■ **WORK REQUEST**: Using the material below, repeat exactly the lines from the one with "Violencia escolar suma" through the one with "Elevate your decor", ends included, without any images.

■ **INPUT MATERIAL**:

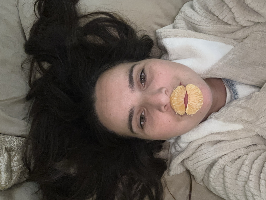 The image displays an overhead close-up of an adult female lying supine on what appears to be a bed. Her dark brown hair is fanned out around her head against light-colored bedding. She has light skin with visible freckles and brown eyes, looking directly at the camera. Two segments of a peeled mandarin orange are positioned over her mouth, creating the appearance of exaggerated, parted lips. She is wearing a light-colored, possibly cream or beige, textured bathrobe over a white garment with a subtle blue pattern. The immediate environment consists of her hair and the bedding. There is no visual information within the image to specify the location as Meknes, Morocco, or any other particular geographical site.
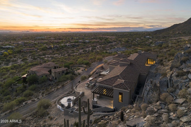 Listing details for 21137 102nd St, Scottsdale, AZ 85255 : Now just six weeks from completion and ready to view, this remarkable Silverleaf estate is revealing its full beauty. The lights are on, and the warmth of the home is beginning to shine through. Set on a five-acre hillside lot within North Scottsdale's most prestigious community, the residence blends architectural excellence, refined interiors, and breathtaking natural surroundings. Created by the celebrated Silverleaf team of architect Scott Carson, builder Nicholas Development Group, and interior designer Kristin Hazen. The French Mediterranean-inspired estate spans 11,619 square feet. Its light, feminine design includes five en-suite bedrooms, three half baths, and two laundry rooms. Expansive balconies on main and upper levels frame sweeping mountain views and glowing Arizona sunsets. The upper patio and trellised garden offer shaded north facing tranquility, hugging the mountain, and ideal for a rose garden or secure outdoor space for pets. Thoughtfully designed for both business and leisure, the home includes offices on the main and upper levels, providing elegant spaces for productivity and privacy. The lower level features a wine-tasting room, movie theater, and game room--perfect for entertaining guests or enjoying quiet evenings at home. A private drive leads to an impressive garage accommodating eight to sixteen vehicles--or a mix of cars and an indoor pickleball court, the driveway continues to the front door with guest parking for three further vehicles. The main and upper-level guest wing offers four split en-suite bedrooms, as well as a private entrance, entertainment lounge, a reading room, and gym, private upper balcony, and a fire pit terrace with 180-degree valley views. Outdoors, the resort-style pool includes a hot tub, baja shelf, and expansive entertainment patio--perfect for alfresco dining and taking in the beauty of the Sonoran landscape. Arrive at sunset to truly appreciate its beauty and unique setting.
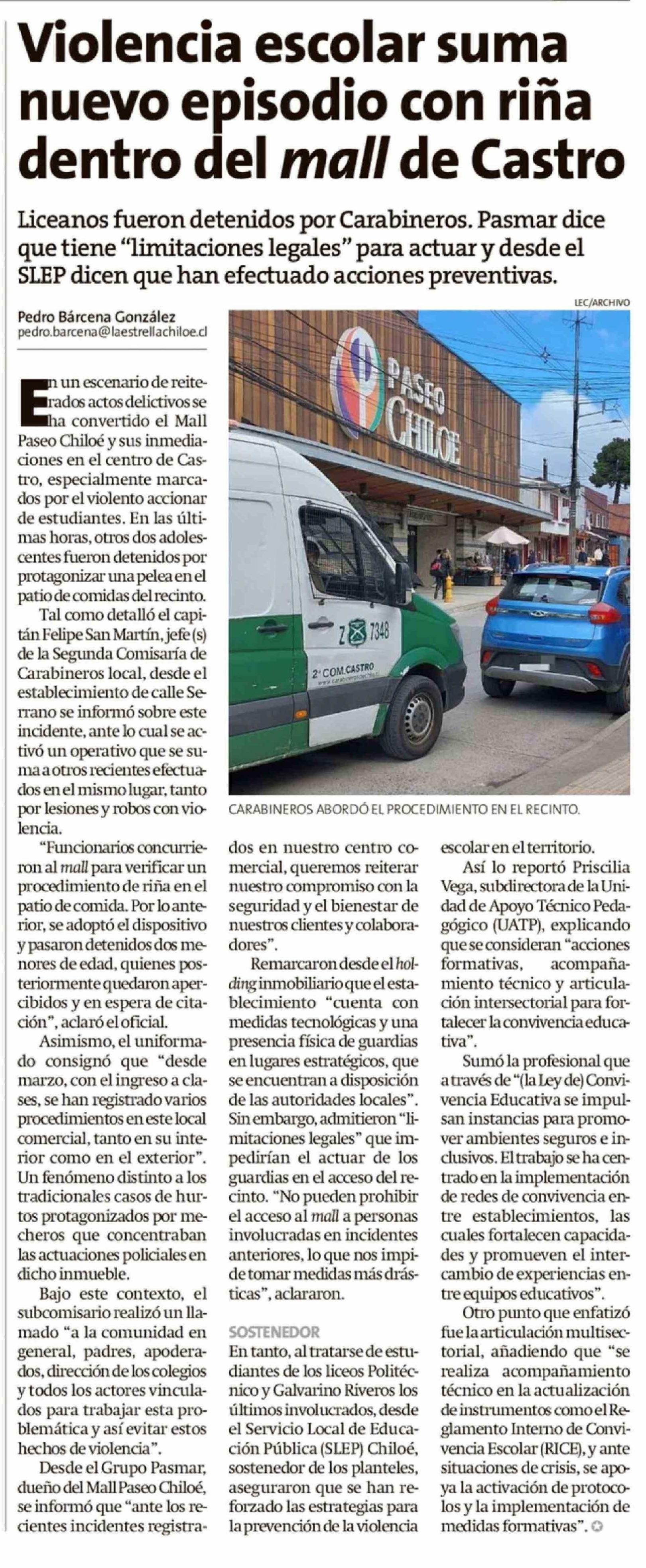 Violencia escolar suma nuevo episodio con riña dentro del mall de Castro 26-03-2026 La Estrella de Chiloé |
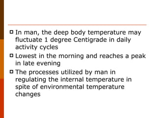 The document discusses body temperature regulation in humans. It notes that core body temperature normally fluctuates about 1 degree Celsius daily and is lowest in the morning and highest in the late evening. It also outlines the various mechanisms the body uses to regulate temperature, including heat production and loss processes like radiation, conduction, convection, evaporation, and sweating.
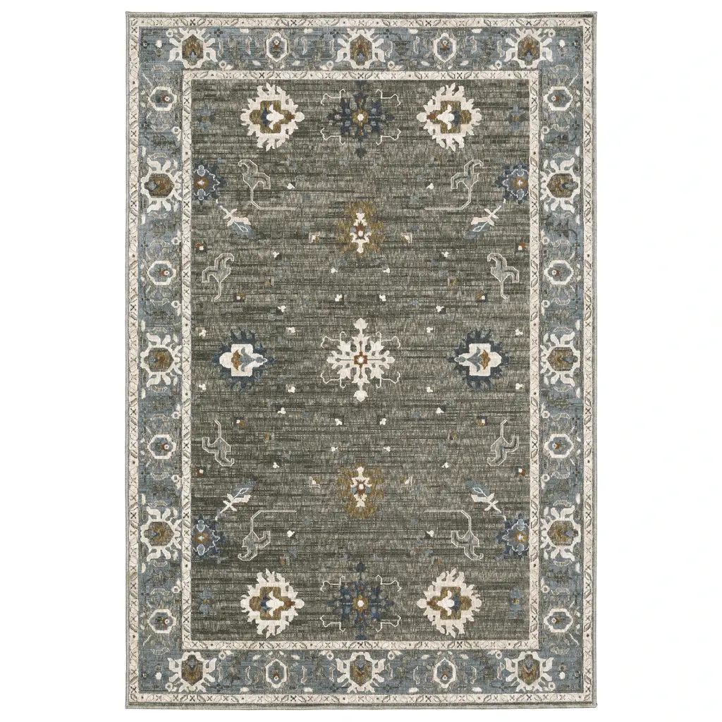 Elevate your decor with the Everly collection. These rugs feature space-dyed tri-color yarns in rich saturated jewel tones. The multi-level pile creates a soft hand with textural interest. With traditional Persian styling and a luxurious color palette, Everly will add a touch of opulence to your home. Power-loomed of polyester in the USA.Features:Traditional style indoor area rugFeatures a panel medallion pattern available in two color optionsPower-loomed from 100% polyesterFeatures multi-level spaced-dyed and tri-color yarnsRug color include shades of blue, rust, teal, brown, grey, beige, brown, ivoryCleaning and Care:If spills occur, blot as much of the stain as possible with a clean cloth. Use a small amount of mild soap and water to clean the area. If needed, rug and carpet cleaners that are safe for synthetic materials may be used. As with anything, use sparingly and in a small, inconspicuous area first to test results before applying to the entire rug. Blot dry with clean cloth. Installation & Set-up:The use of a rug pad is recommended; initial creasing is normal, and these will generally fall out within a few days to a week; tightly reversing rolling the rug (pile side out) and leaving in warm area for several hours will aid in the removal of creases or lingering fold marks.
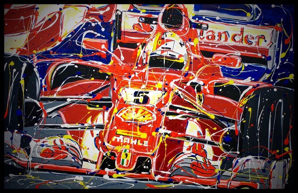 Tutto pronto a Monza per il GP di Formula 1. In città saranno esposti anche i quadri di KNULP che da sempre ama i motori. L'ultima sua opera ritrae Sebastian Vettel sulla Ferrari in azione nelle vie del Principato di Monaco durante l'ultimo GP vinto. Una mostra che può essere di buon auspicio per il Cavallino rampante in vista della gara di domenica sul circuito brianzolo. Fabrizio de Nicolò, pittore torinese, riunisce nelle sue opere la passione per i motori, la POP ART e l'esperienza maturata come fotografo professionista. Rumore e colore sono i tratti inconfondibili della gran parte della sua produzione improntata e dedicata agli sport motoristici. Il taglio e l'inquadratura delle immagini ne tradiscono la provenienza dall'ambiente della fotografia. I colori accesi l'utilizzo del dripping portano lo spettatore e respirare atmosfere POP e la frenesia e l'adrenalina di un circuito automobilistico. Outsider per scelta dell'ambiente istituzionale del mercato dell'arte le sue opere sono presenti e riconoscibilissime in location orbitanti il mondo dei motori in Europa ed oltreocano. Contatto FB: Fabrizio Knulp de Nicolò. http://www.knulpart.it/

■ **SOLUTION TO THE PROBLEM**:
 Violencia escolar suma nuevo episodio con riña dentro del mall de Castro 26-03-2026 La Estrella de Chiloé |
 The document discusses body temperature regulation in humans. It notes that core body temperature normally fluctuates about 1 degree Celsius daily and is lowest in the morning and highest in the late evening. It also outlines the various mechanisms the body uses to regulate temperature, including heat production and loss processes like radiation, conduction, convection, evaporation, and sweating.
 Elevate your decor with the Everly collection. These rugs feature space-dyed tri-color yarns in rich saturated jewel tones. The multi-level pile creates a soft hand with textural interest. With traditional Persian styling and a luxurious color palette, Everly will add a touch of opulence to your home. Power-loomed of polyester in the USA.Features:Traditional style indoor area rugFeatures a panel medallion pattern available in two color optionsPower-loomed from 100% polyesterFeatures multi-level spaced-dyed and tri-color yarnsRug color include shades of blue, rust, teal, brown, grey, beige, brown, ivoryCleaning and Care:If spills occur, blot as much of the stain as possible with a clean cloth. Use a small amount of mild soap and water to clean the area. If needed, rug and carpet cleaners that are safe for synthetic materials may be used. As with anything, use sparingly and in a small, inconspicuous area first to test results before applying to the entire rug. Blot dry with clean cloth. Installation & Set-up:The use of a rug pad is recommended; initial creasing is normal, and these will generally fall out within a few days to a week; tightly reversing rolling the rug (pile side out) and leaving in warm area for several hours will aid in the removal of creases or lingering fold marks.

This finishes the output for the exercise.